OAuth looks scary—not because it’s impossible, but because too many variables change at once: dashboards, SDKs, redirects, and vague error messages.
When you're working with React Native + Expo, the complexity doubles because of deep links and environment differences. I now have refined a workflow that turns AI into a high-level pair programmer rather than a source of noise.
Here is how I used AI to finally found the solutions.
1. Map the Architecture Before Touching Code
Before asking AI how to fix a "Redirect URI" error, it's crucial to understand who is talking to whom. In a mobile flow, think of OAuth as a relay race:
- The App: Initiates the request.
- The Broker (e.g., Clerk/Supabase): Coordinates the logic.
- The Identity Provider (e.g., Google/GitHub): Verifies the user.
- The Keychain: Securely stores the resulting tokens.
Pro-Tip: Once I see it as a relay, I stop looking for "app bugs" when the problem is actually a "handshake" configuration in a dashboard.
2. Give the AI "Full Context"
Never assume the AI knows about the stack. OAuth behaves differently on every version of a library. Always include:
-
Core Stack: Library name + version (e.g.,
expo-auth-sessionv8.x). - Routing Strategy: Expo Router vs. React Navigation.
- Environment: iOS Simulator vs. physical device.
- Build Type: Development Client vs. Expo Go vs. Production build.
Example Prompt Starter: "I am building an Expo Router app using Clerk. I am testing on a physical iOS device using a Development Build..."
3. Keep Code Simple
When debugging, remove everything that isn't OAuth.
- Remove complex navigation guards.
- Create a "Sandbox Page": A single button that says "Sign In" and a
console.logfor the result.
4. Leverage Ecosystem-Specific AI
Not all LLMs are created equal for specific tasks...
- For Google Cloud/Firebase Console: Use Gemini. It is trained more deeply on Google’s evolving UI labels and "Consent Screen" quirks.
- For Code Snippets: Use GPT or Claude.
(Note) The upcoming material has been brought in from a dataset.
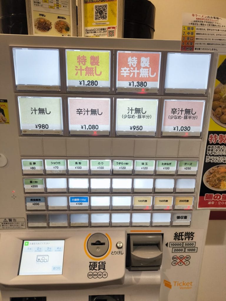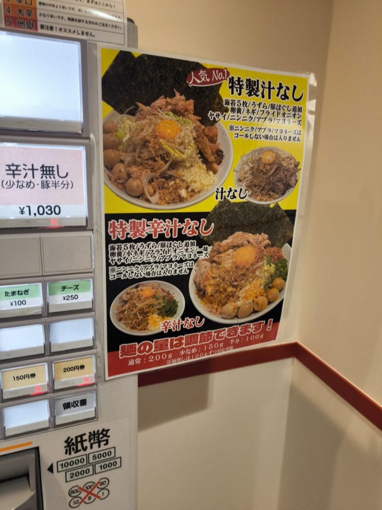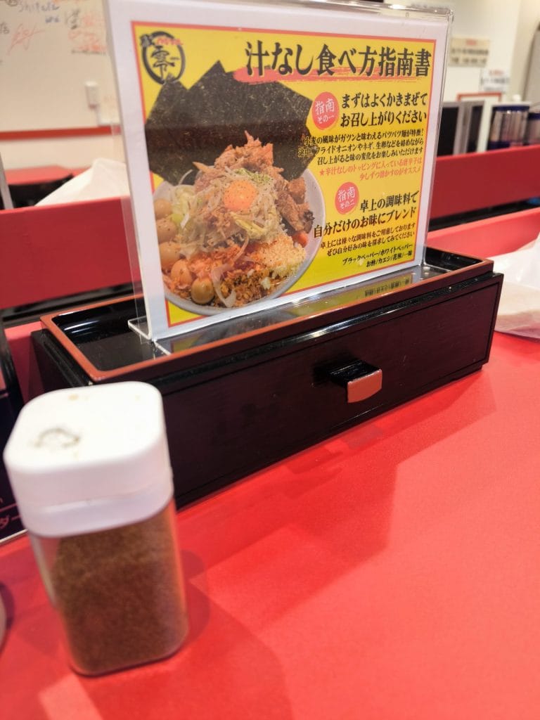 最初に食券を渡す際に聞かれるのでそこで伝えます。ニンニク・アブラ・味の濃さ・マヨネーズのトッピングが可能です。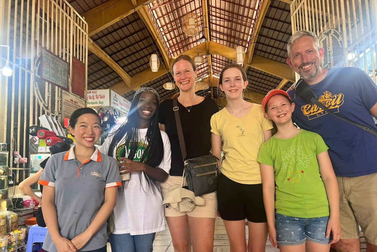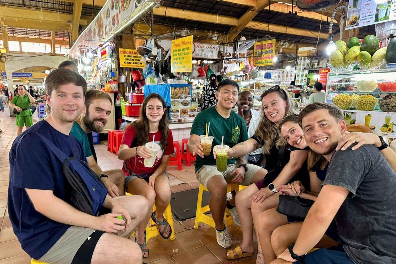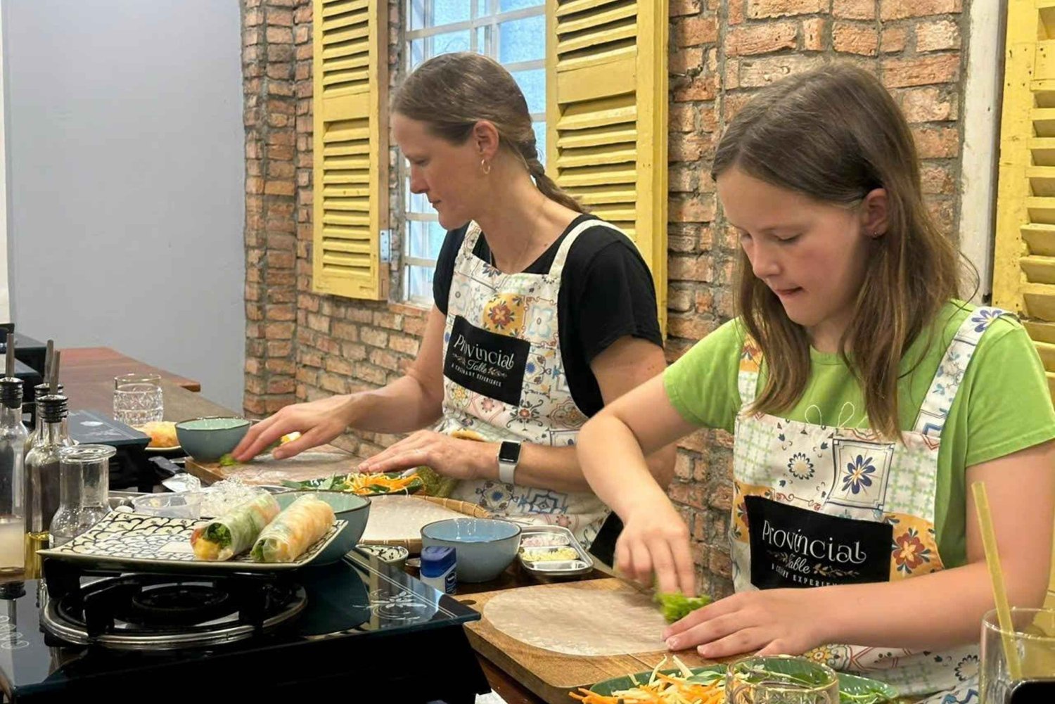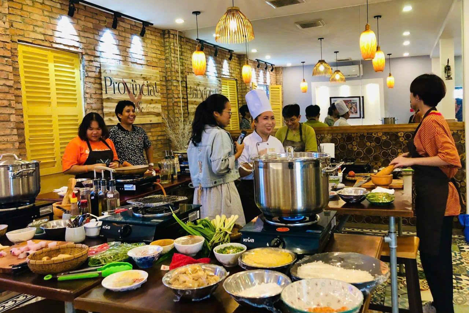 Corso di cucina guidato di 3 portate + dessert e tour del mercato tradizionale: TOUR DEL MERCATO: Il nostro tour guidato al mercato più iconico di Saigon, Cho Ben Thanh, offre una panoramica su come acquistiamo carne e verdure ogni giorno. Ogni visitatore ha l'opportunità di sperimentare in prima persona i vivaci e affollati mercati che continuano a far parte della vita quotidiana del popolo vietnamita. Unisciti a noi nelle nostre strutture, dove i nostri chef ti guideranno attraverso un pasto di quattro portate completamente interattivo. A ogni ospite viene assegnata una postazione di cucina privata e vengono forniti gli ingredienti necessari per perfezionare un menu meticolosamente curato di piatti classici vietnamiti. Aggiungi nuove ricette e tecniche al tuo repertorio culinario, mentre scopri in prima persona la cultura e il patrimonio che stanno dietro alla cucina vietnamita.Includes

They tend to follow React Native's hook-based patterns more cleanly.
5. Use the "Screenshot Loop" 📸
Error messages in OAuth are often generic (e.g., "Error 400: invalid_request"). Try to debug using only the messages often lead to many confusing paths. The real answer is usually hiding in a checkbox on a dashboard you haven't seen.
- Screenshot your dashboard settings.
- Ask AI: "Based on my code, what is missing in this UI?"
- Apply the change.
- Screenshot again and ask AI to validate.
6. Take Small Steps (The 15-Minute Rule)
OAuth is conceptually dense. My rule is: Configure one thing, then stop. If you try to set up Google, Apple, and Facebook login all at once, you’ll never find the root cause of a failure. Get one provider working, take a 5-minute break to let your brain reset, and then move to the next.
7. Don't Let Dashboard "Hide and Seek" Stop You
Platforms like Clerk or Google Cloud change their layouts constantly. I used to spend forever looking for a specific "API Key" or "Redirect" field that had been moved or renamed in a recent update.
Now, I’ve adopted a "click-and-explore" mindset:
Explore Every Menu: If I can't find a setting, I click through every tab—even the ones that don't sound relevant. I realized that as long as I don’t hit "Save," I can't break anything.
Combined with the "Screenshot Loop" from step 5, this turned the dashboard from a maze into a map I could actually read.
Final Thought: AI is an Amplifier
AI doesn’t replace your understanding; it amplifies it. When you provide clean context, isolated code, and visual data (screenshots), AI becomes a powerful debugging partner.
If OAuth ever felt impossible, it’s not necessarily you — it’s often the complexity. Having tools described helped me to navigate myself out of the maze and learnt to make it work.